SLOW OCR problem

Speaker · May 10, 2015, 7:07pm

hello
I’m using DTPO trying to OCR several hundred PDF’s but the speed of the conversion is much slower than I expected. The OCR process is only consuming 13% of my CPU. Is there any way to speed up the procedure? Can I run multiple instances of the OCR engine somehow? I’m using the default OCR settings of 150dpi, 75% quality, and Automatic.

Any tips for increasing the throughput would be appreciated.

Bill_DeVille · May 10, 2015, 7:38pm

The license from ABBYY for the current OCR module in DEVONthink Pro Office prohibits tuning for multicore CPUs. That will change in the future, but bot yet.

The downside is that OCR is slow. The upside is that while a batch of documents is being OCRed, your computer’s CPU resources are mostly free to allow you to perform other tasks.

Speaker · May 11, 2015, 1:57am

thanks for the reply, Bill.

2 related questions:

a. Every so often during OCR, I get an error message saying “couldn’t recognize page 0 of the PDF” - continue or quit?" Is there a way to disable the pop up (I always want to continue) so that my OCR process is not paused in the middle of the night?

b. Does it mean that if I purchased (or used a tree 30 day trial) of ABBYY Finereader for Mac I could get faster speeds? I see they have several products - which one is the one to get for maximum OCR efficiency?

JBB · May 11, 2015, 4:14am

FineReader Pro for Mac has the best accuracy and performance. I would suggest that DEVONthink offer an option to integrate with this solution (OCR directly from DEVONthink but using that app’s engine and automator actions) to overcome the multicore problem and the licensing for those of us who have purchased it.

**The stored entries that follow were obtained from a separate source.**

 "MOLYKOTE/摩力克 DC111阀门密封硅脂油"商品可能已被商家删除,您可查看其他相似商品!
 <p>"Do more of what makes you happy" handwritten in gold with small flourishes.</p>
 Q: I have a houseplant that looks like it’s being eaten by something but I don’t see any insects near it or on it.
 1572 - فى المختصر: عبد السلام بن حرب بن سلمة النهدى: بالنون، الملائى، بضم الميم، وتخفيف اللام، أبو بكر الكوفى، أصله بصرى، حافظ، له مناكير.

Then rather than DEVON paying ABBYY, maybe they should provide some discount/incentive to you for providing customers for their premiere OCR product.

Bill_DeVille · May 11, 2015, 2:50pm

@ JBB: Interesting twist, but it doesn’t seem to fit ABBYY’s business plan.

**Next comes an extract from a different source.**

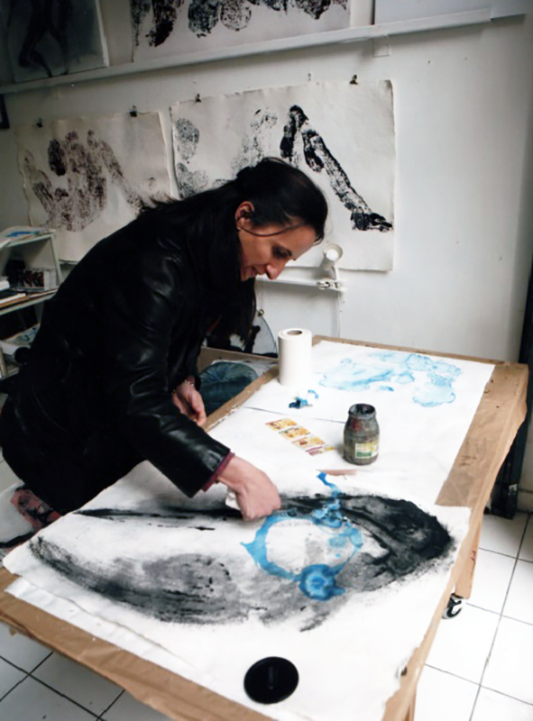 » Les mouvements des corps sont moteur de recherche pour mes dessins et peintures ; Ainsi « chrysalide » démontre avec un dynamise la tension et la mue d’un corps (ici en forme humaine) juste avant sont envol. Ceci correspond à ma recherche sur l’évolution et transformation permanente de notre monde. »

OCR is a demanding procedure, as it involves computer recognition of images of text and their conversion to searchable text. IMHO, the most important requirement of OCR is accuracy of text recognition. I’ve bought and tested all the important Mac OCR apps, comparing text conversion results for several scanner output files. (With one exception concerning “bought”: although I purchased registration for Acrobat Pro in the past, I don’t see the value to me of Adobe’s current price model.)

ABBYY’s OCR software is as good as it gets in the world of consumer-priced OCR software; my tests put it in first place. There are some big machine, much more costly OCR applications available to businesses and government that can sometimes produce better results than ABBY, based on larger dictionaries, but the improvements are pretty slight as practical matter. Given the vagaries of image resolution, image quality, fonts and font sizes and blemishes in the original paper copy, no OCR software has achieved perfect text recognition.

I’ve got four ABBYY FineReader applications: the OCR module in DEVONthink Pro Office, FineReader Mac that came with my ScanSnap iX500 scanner, FineReader Pro 12.x that I purchased and FineReader 10.x Windows that came with my Xcanex scanner. Accuracy is very good for all four. But the version in DEVONthink Pro Office is the slowest on my MacBook Pro with 4-core i7 CPU, because it isn’t optimized for multicore processing.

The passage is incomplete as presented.